- **REQUIRED ACTION**: Starting with the line that contains "德国宝视德双目高清显微镜高倍家用中小学生实验可看细菌生物礼物", give again exactly and only each line through the end of the records; include the last line and exclude pictures.

- **Excerpts from a dataset**:
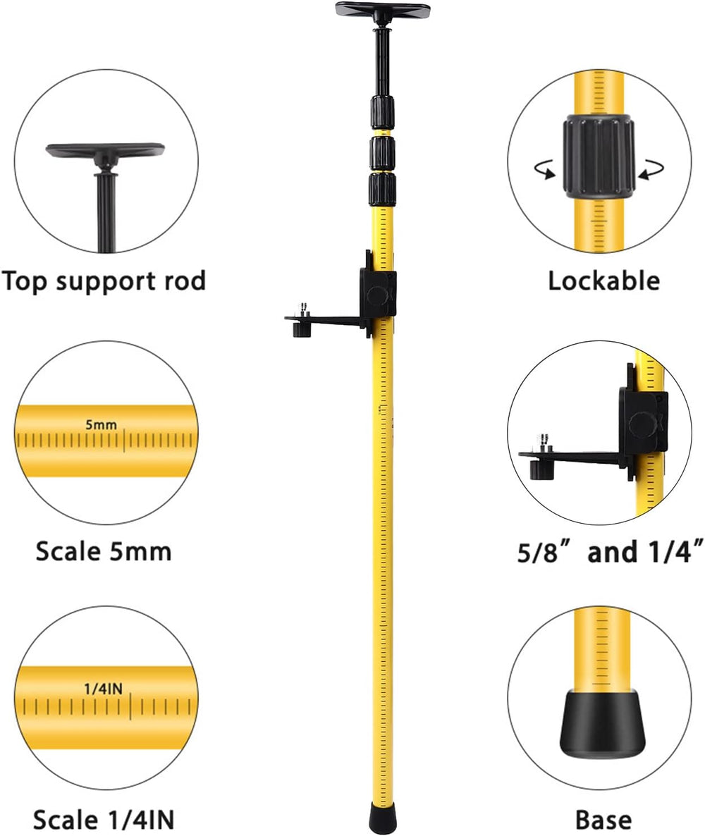 Oumefar 2,8-Meter-Laser-Nivellierungs-Teleskopstange, Verstellbare Halterung für Hochleistungs-, Rot
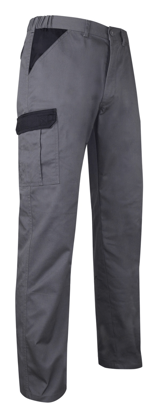 Pantalon. Modèle Perceuse. <br />Bicolore : gris, noir. 65 % polyester, 35 % coton. 245 g/m². <br />Ceinture élastiquée côtés. Braguette zip spirale. 2 poches italiennes. <br />1 poche cuisse droite à rabat auto-agrippant avec ouverture porte mètre. 1 poche cuisse gauche zippée. 1 poche dos à rabat auto-agrippant. Taille du 38 au 50
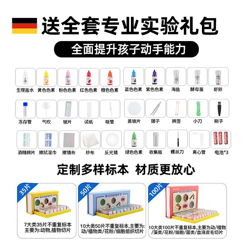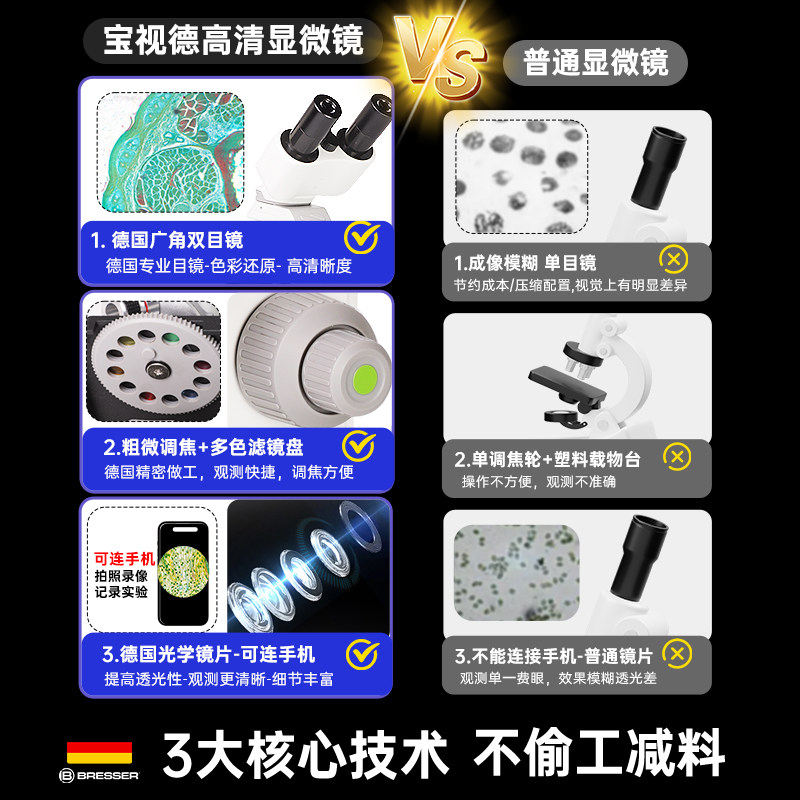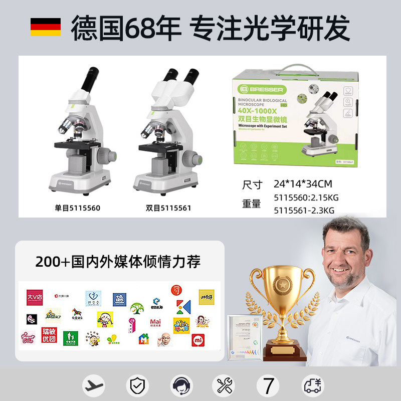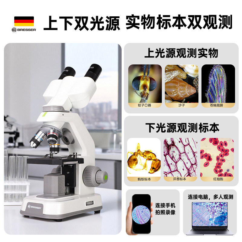 德国宝视德双目高清显微镜高倍家用中小学生实验可看细菌生物礼物
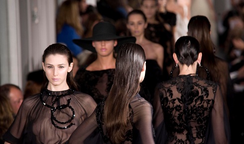 Nino Lettieri esalta l’allure di una donna elegante immaginata tra le vie e i profumi della bella Positano mentre fa ondeggiare fianchi e tessuti-piuma, come georgette di seta e chiffon, catturando gli odori e colori dei giardini d’estate nei motivi floreali degli abiti che indossa. Così si distingue Positano “Mon Amour”, la nuova collezione haute couture p/e 2012 presentata dallo stilista partenopeo presso il Conservatorio Santa Cecilia, luogo magico e importante istituzione musicale romana.
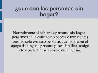 El documento habla sobre las personas sin hogar y dos organizaciones que los ayudan: Cáritas y el Albergue de San Vicente de Paul. Explica que Cáritas ofrece alojamiento temporal, formación profesional y apoyo a niños y ancianos, mientras que el Albergue de San Vicente de Paul brinda cobijo de hasta 6 meses e inserción laboral. También menciona algunas estadísticas sobre las personas sin hogar y cómo estas organizaciones reciben donaciones de alimentos y fondos.

- **ANSWER FOR THIS EXERCISE**:
 德国宝视德双目高清显微镜高倍家用中小学生实验可看细菌生物礼物
 Nino Lettieri esalta l’allure di una donna elegante immaginata tra le vie e i profumi della bella Positano mentre fa ondeggiare fianchi e tessuti-piuma, come georgette di seta e chiffon, catturando gli odori e colori dei giardini d’estate nei motivi floreali degli abiti che indossa. Così si distingue Positano “Mon Amour”, la nuova collezione haute couture p/e 2012 presentata dallo stilista partenopeo presso il Conservatorio Santa Cecilia, luogo magico e importante istituzione musicale romana.
 El documento habla sobre las personas sin hogar y dos organizaciones que los ayudan: Cáritas y el Albergue de San Vicente de Paul. Explica que Cáritas ofrece alojamiento temporal, formación profesional y apoyo a niños y ancianos, mientras que el Albergue de San Vicente de Paul brinda cobijo de hasta 6 meses e inserción laboral. También menciona algunas estadísticas sobre las personas sin hogar y cómo estas organizaciones reciben donaciones de alimentos y fondos.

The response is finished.